2.1. Material Characterization

After severe plastic deformation by ECAP, the Fe–Mn–C and Fe–Mn–Pd alloys had an ultrafine-grained austenitic structure. The size of the structural elements was 100–250 nm, with release of α-Mn nanoparticles in the Fe–Mn–C alloy [30] and Mn₂Pd₃ intermetallic in the Fe–Mn–Pd alloy [29]. The structure formed by ECAP led to an increase in the strength characteristics and corrosion rate of the alloys used (

Table 1. Properties of the Fe–Mn alloys and Fe after annealing and ECAP.

№	Alloys	Treatment	σUTS [MPa] 1	σYS [MPa] 2	ε [%] 3	CR [mm/y] 4	Ref.
1	Fe–Mn–C	ECAP at 450 °C (N = 6)	1515	1327	12.5	0.63	[30]
2	Fe–Mn–Pd	ECAP at 450 °C (N = 4)	1669	1577	4	0.97	[29]

¹ σ_UTS—ultimate tensile strength [MPa]; ² σ_YS—yield strength [MPa]; ³ ε—total elongation [%]; ⁴ C_R—corrosion rate [mm/y].

).

2.2. Characteristics of Alloy Degradation Products

Figure 1 and Figure 2 show SEM images of the corroded surface of Fe–Mn–C (Figure 1) and Fe–Mn–Pd (Figure 2) alloy samples treated by ECAP after their incubation in the culture medium for 7 days. A fairly thick layer of corrosion products was observed on the surface of the alloys. The corroded surface after incubation of the samples was a cracked layer, where the corrosion products were quite firmly attached to the alloy but were already starting to peel off. At the same time, the composition of the corrosion product layer of the two alloys is almost identical and corresponds to that shown in the elemental mapping, differing in a small Pd content.

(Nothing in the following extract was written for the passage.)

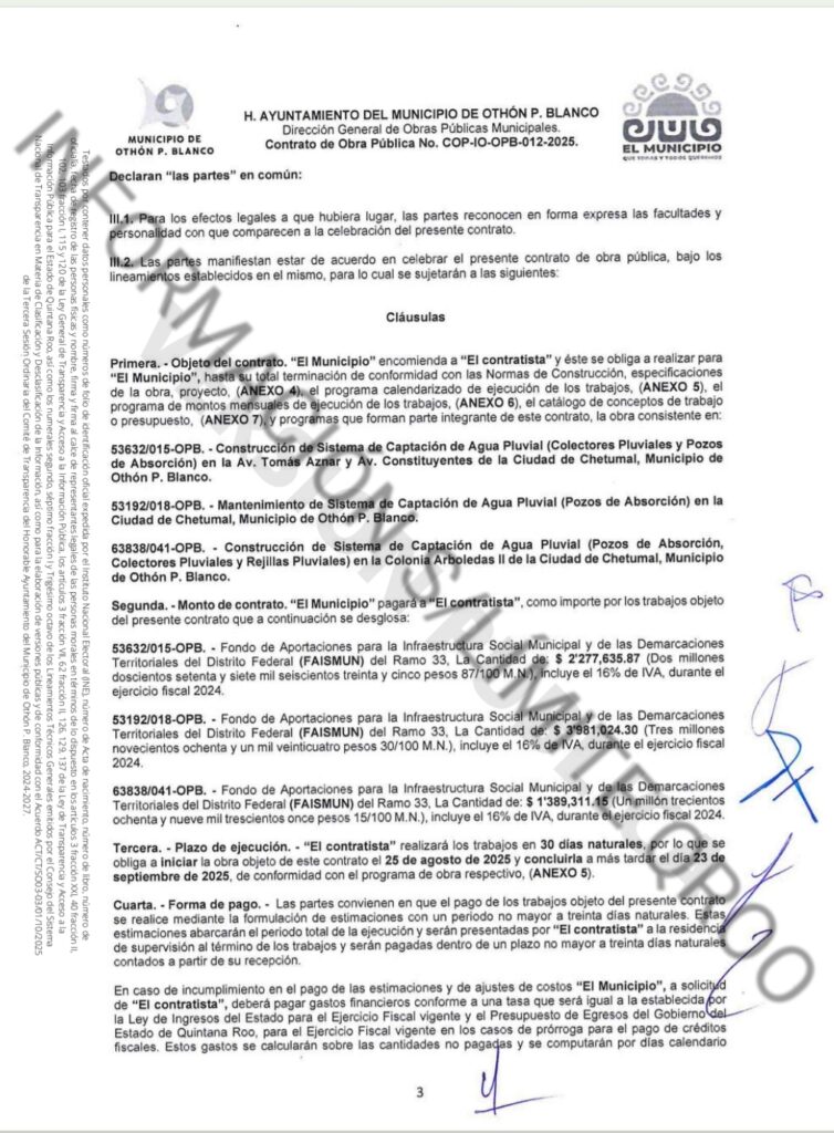 El primer contrato que entrego el ayuntamiento de OPB fue por $3 millones 008 mil 061.92 de pesos al LINIERO de la comisión federal de electricidad en Chetumal Edy Antonio Carrillo Gómez para la construcción de Espacio Multideportivo en la localidad de San Pedro Peralta en el municipio de Othón P Blanco a pesar que no tiene ni la solvencia ni la experiencia en el ramo de la construcción.
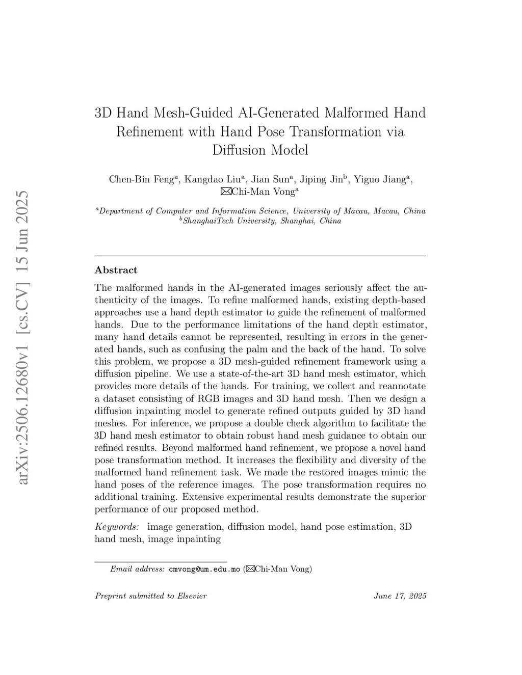 The malformed hands in the AI-generated images seriously affect the authenticity of the images. To refine malformed hands, existing depth-based approaches use a hand depth estimator to guide the refinement of malformed hands. Due to the performance limitations of the hand depth estimator, many hand details cannot be represented, resulting in errors in the generated hands, such as confusing the palm and the back of the hand. To solve this problem, we propose a 3D mesh-guided refinement framework using a diffusion pipeline. We use a state-of-the-art 3D hand mesh estimator, which provides more details of the hands. For training, we collect and reannotate a dataset consisting of RGB images and 3D hand mesh. Then we design a diffusion inpainting model to generate refined outputs guided by 3D hand meshes. For inference, we propose a double check algorithm to facilitate the 3D hand mesh estimator to obtain robust hand mesh guidance to obtain our refined results. Beyond malformed hand refinement, we propose a novel hand pose transformation method. It increases the flexibility and diversity of the malformed hand refinement task. We made the restored images mimic the hand poses of the reference images. The pose transformation requires no additional training. Extensive experimental results demonstrate the superior performance of our proposed method.

Based on the presence of elements on the surface of the samples in the composition of the corrosion products, one can assume a mixture of oxides, hydroxides and phosphates on the surface of the samples.

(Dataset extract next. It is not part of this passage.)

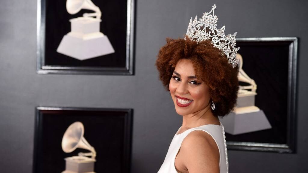 Tanto el atuendo como el abrigo blanco fueron confeccionados con tela deportiva de malla blanca que una compañía donó a diseñadores en Portland, según dijo la intérprete.

Typically, culture media contain Ca²⁺, Mg²⁺, Na⁺, K⁺, Cl⁻, SO₄^2–, PO₄³⁻ and HCO₃⁻ ions [31]. Most of them are represented in the elemental mapping of alloys after degradation in the culture medium of Fe–Mn–C (Figure 1) and Fe–Mn–Pd (Figure 2).

2.3. Administration of Active Compounds to Animals

The Fe–Mn-C and Fe–Mn-Pd alloy scaffolds loaded with FCS or rG-CSF were implanted subcutaneously in mice with induced immunosuppression immediately after the end of the last course of CPh (Figure 3). In order to evaluate the effect of the developed devices over prolonged action, mice from other groups were treated with FCS or rG-CSF subcutaneously, simultaneously with Matrigel.

2.4. Hematological Parameters

Analysis of hematological parameters of mice with immunosuppression without treatment (group CPh) shows that a course of the cytostatic drug induced a dramatic decrease in the concentration of hemoglobin, platelets and WBCs in the blood compared to the intact control (Figure 4). In this case, the content of neutrophils and lymphocytes decreased most significantly.

At this stage of the research, our task was not to optimize the scaffold composition, but to identify the fundamental possibility of the use of the described scaffolds to manage a delayed effect of FCS and rG-CSF. As expected, the study revealed a number of desirable statistically significant results (Figure 4 and Figure 5, * p < 0.05).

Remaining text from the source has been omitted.